▶ [Work request]:
Repeat the data below in full. Pictures must not be part of the copy.

(Supplied material begins)

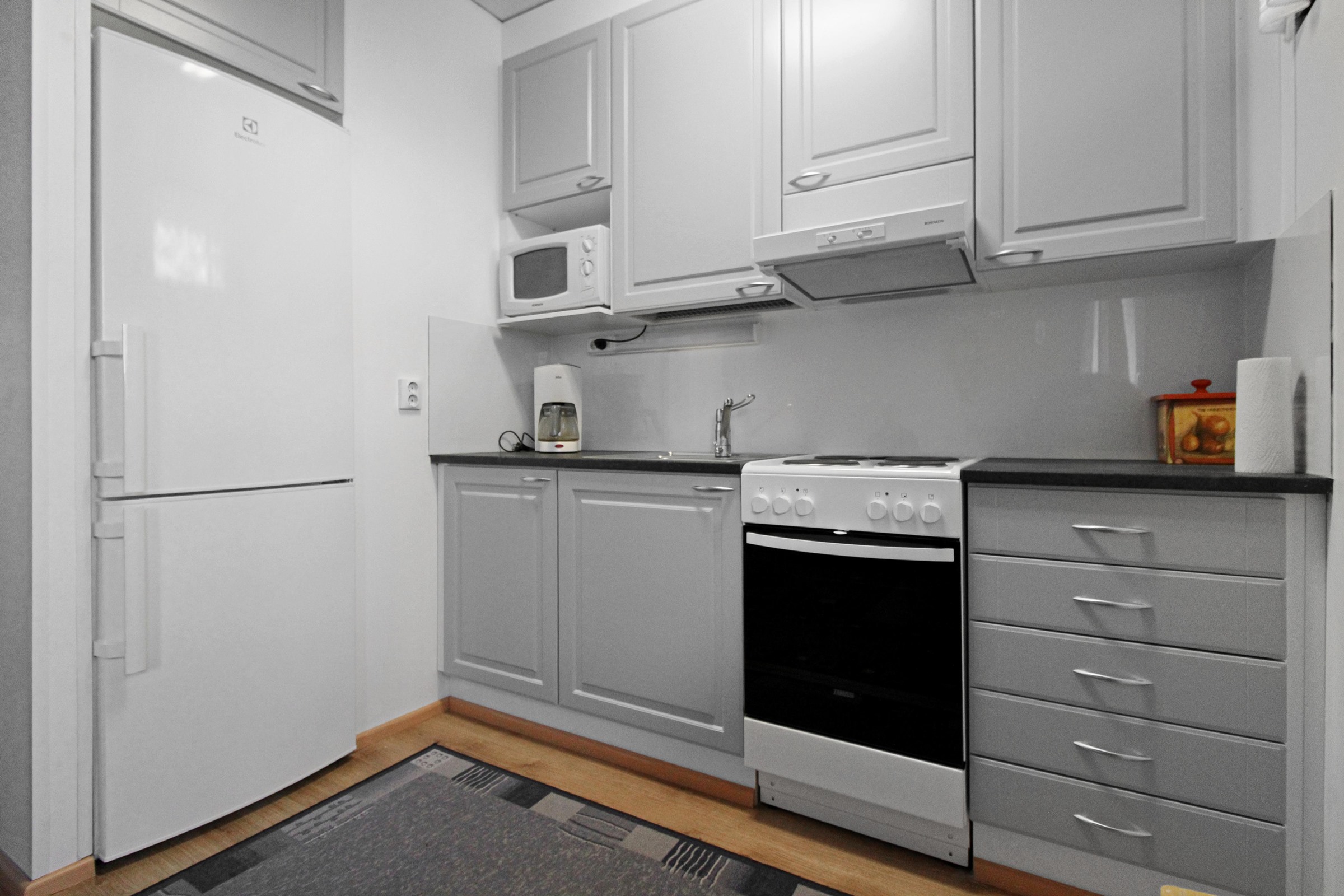 - Jääkaappipakastin, lattialiesi, sähköliesi, liesituuletin, kaapistot, kiinteät valaisimet. Keittiö remontoitu
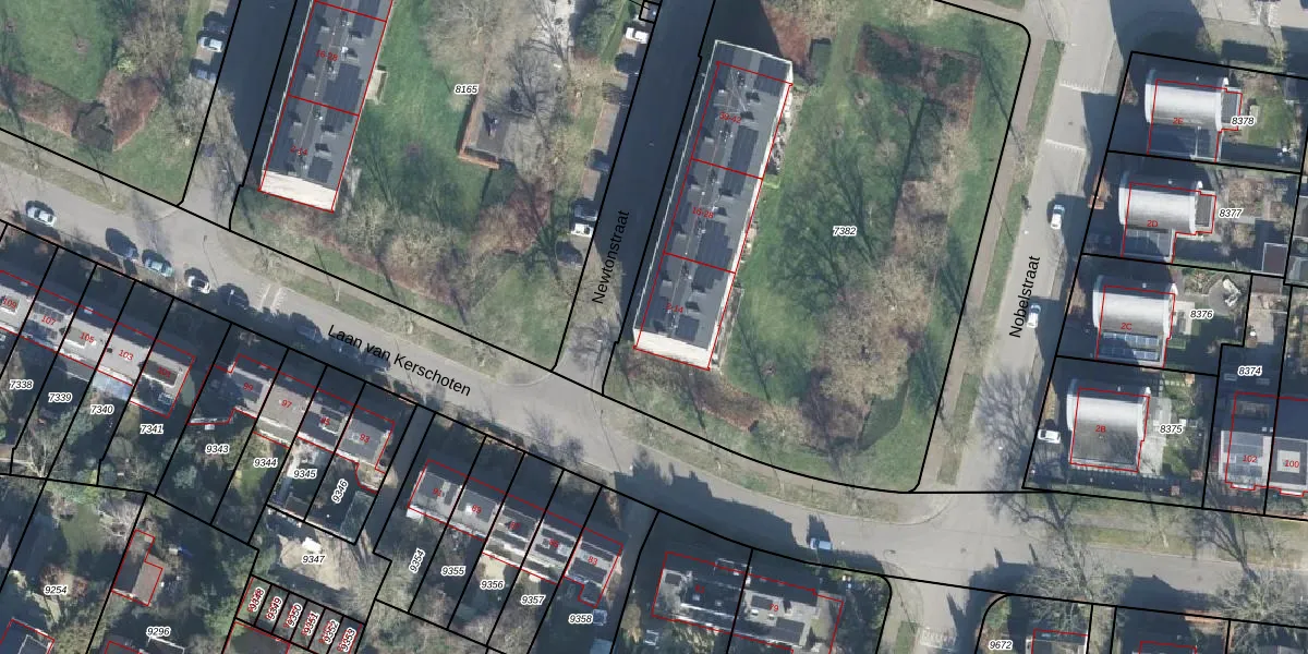 Het perceel waarop Newtonstraat 2 staat heeft een oppervlakte van 3635 m². Dit is een zeer groot perceel. De perceeloppervlakte wordt geregistreerd door het Kadaster. Gedetailleerde informatie over de maten van dit perceel kunt u vinden in het rapport Kadastrale kaart met maatvoering van Newtonstraat 2.
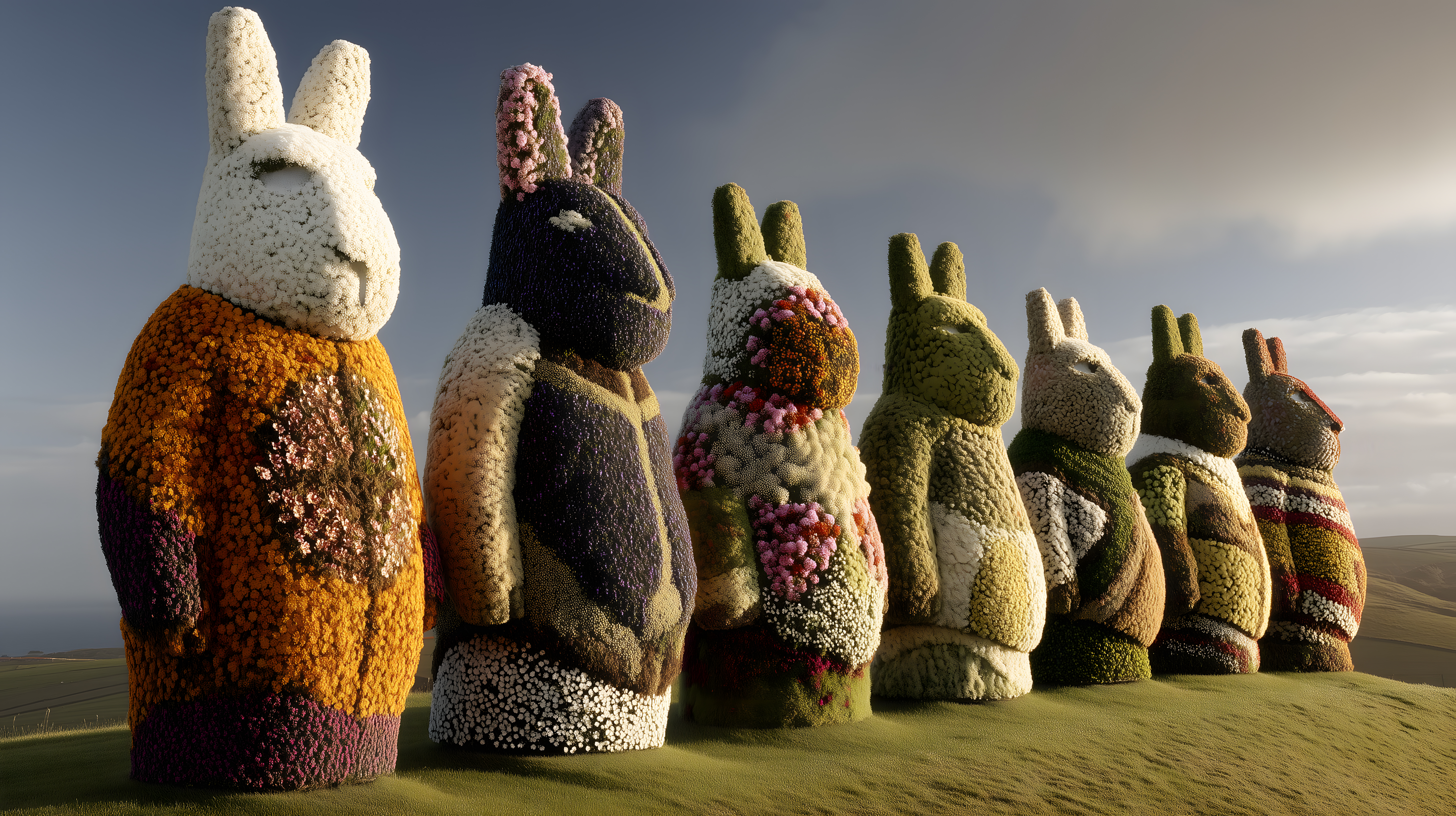 Riesige Osterhasen aus Frühlingsblumen als kreative Skulpturen der Osterinseln

(Supplied material ends)

▶ [Answer space]:
 - Jääkaappipakastin, lattialiesi, sähköliesi, liesituuletin, kaapistot, kiinteät valaisimet. Keittiö remontoitu
 Het perceel waarop Newtonstraat 2 staat heeft een oppervlakte van 3635 m². Dit is een zeer groot perceel. De perceeloppervlakte wordt geregistreerd door het Kadaster. Gedetailleerde informatie over de maten van dit perceel kunt u vinden in het rapport Kadastrale kaart met maatvoering van Newtonstraat 2.
 Riesige Osterhasen aus Frühlingsblumen als kreative Skulpturen der Osterinseln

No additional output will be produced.